Me duele ver cómo han tenido que añadir una foto más. 

viernes, 27 de diciembre de 2013

La consulta.

-¿Se puede?

-Adelante.

-He vuelto.

-Ya veo. Ponte cómodo. ¿Qué tal te va todo?

-Pst… Igual.

-¿Igual? … ¿Qué pasó con aquel chico?

-¿Cuál chico?

-El último.

-¿El último? Pues creo que el que tú crees que es el último, ahora mismo no lo es. Es más, hay una larga lista…

-Entonces no está todo tal y como lo dejé.

-Cierto. Tengo que ponerte al día.

-Adelante.

-No, no es el momento.

-Como quieras.

-Vengo a hablarte del nuevo último.

-¿Y para eso sí es el momento?

-Sí, creo que sí.

-Pues yo creo que debería saber lo que viene antes para poder entender lo que pasa ahora.

-No tiene nada que ver el pasado con el presente.

-¿Eso crees? Yo no creo lo mismo.

-No quería decir eso, quería decir que se puede entender esta última historia sin contar nada de lo anterior.

-Pues yo creo que debería saber antes lo anterior para poder comprender por qué actúas como estás actuando en el presente; Los actos del ayer repercuten en el hoy.

-Pero no considero que sea el momento más oportuno.

-Entonces vuelve cuando sea el momento, sabes que estoy a tu disposición las veces que quieras, que no tengo horarios ni más gente a la que atender.

-¿Y no puedes escuchar mi problema? Es el que me aflige ahora.

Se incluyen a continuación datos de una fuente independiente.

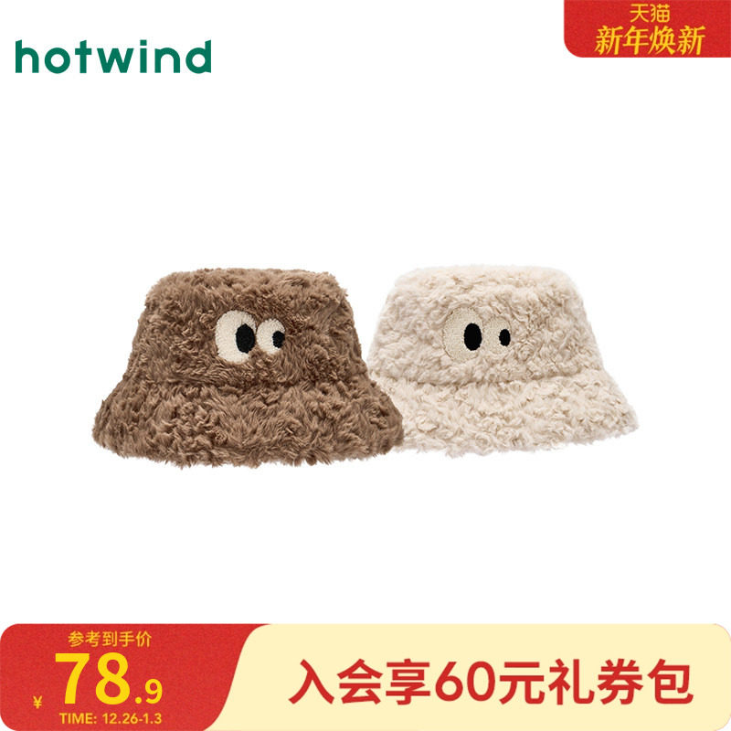 热风2025年冬季新款女士温暖舒适长绒面料小眼睛刺绣可爱毛毛盆帽

-¿Y no podrías haber ido poniéndome al día? ¿Y no podrías haber acudido antes a mí? Claro, vienes ahora cuando estás de mierda hasta el cuello y piensas que te lo voy a solucionar todo.

-Tampoco es para ponerse así.

-¿Desde cuándo no acudes a mí? ¿Desde cuándo no sé nada de ti?

-Pues… Te he ido contando cosas…

-¡Pero no todas ni las necesarias! Así no te puedo ayudar, lo siento.

-Pero…

-¿Por qué has vuelto?

-Porque… Me vuelvo a encontrar como antes.

-Solo, ¿Verdad?

-Bueno… Puede ser.

-¿Y crees que tienes que volver a sentirte solo para venir a contarme las cosas?

-No lo sé. De verdad, no lo sé. Ahora mismo me siento estúpido.

-Has descubierto tu fallo; te cuesta ir contándome según te vaya pasando, y después regresas con una gran acumulación. Te vas callando las cosas, dejándolas para ti mismo, creyendo que puedes con todo, y no sabes que no puedes con ese peso.

-No me gusta contar todos mis problemas, me siento indefenso.

-¿Sabes? Se cuenta que cada persona comienza la vida con una mochila vacía, y cada problema, es una piedrecita que se mete dentro de esa mochila. La única forma de vaciarla, es contando tus problemas y no dejándolos para ti, dejando que te ayuden. Así tienes un peso menos. ¿Cuántas piedrecitas llevas ya acumuladas desde la última vez?

-…Tienes razón, creo que ése es mi mayor problema.


-No, la razón la tienes tú, yo no soy más que una parte de ti, escucharte a ti mismo de vez en cuando no te viene nada mal.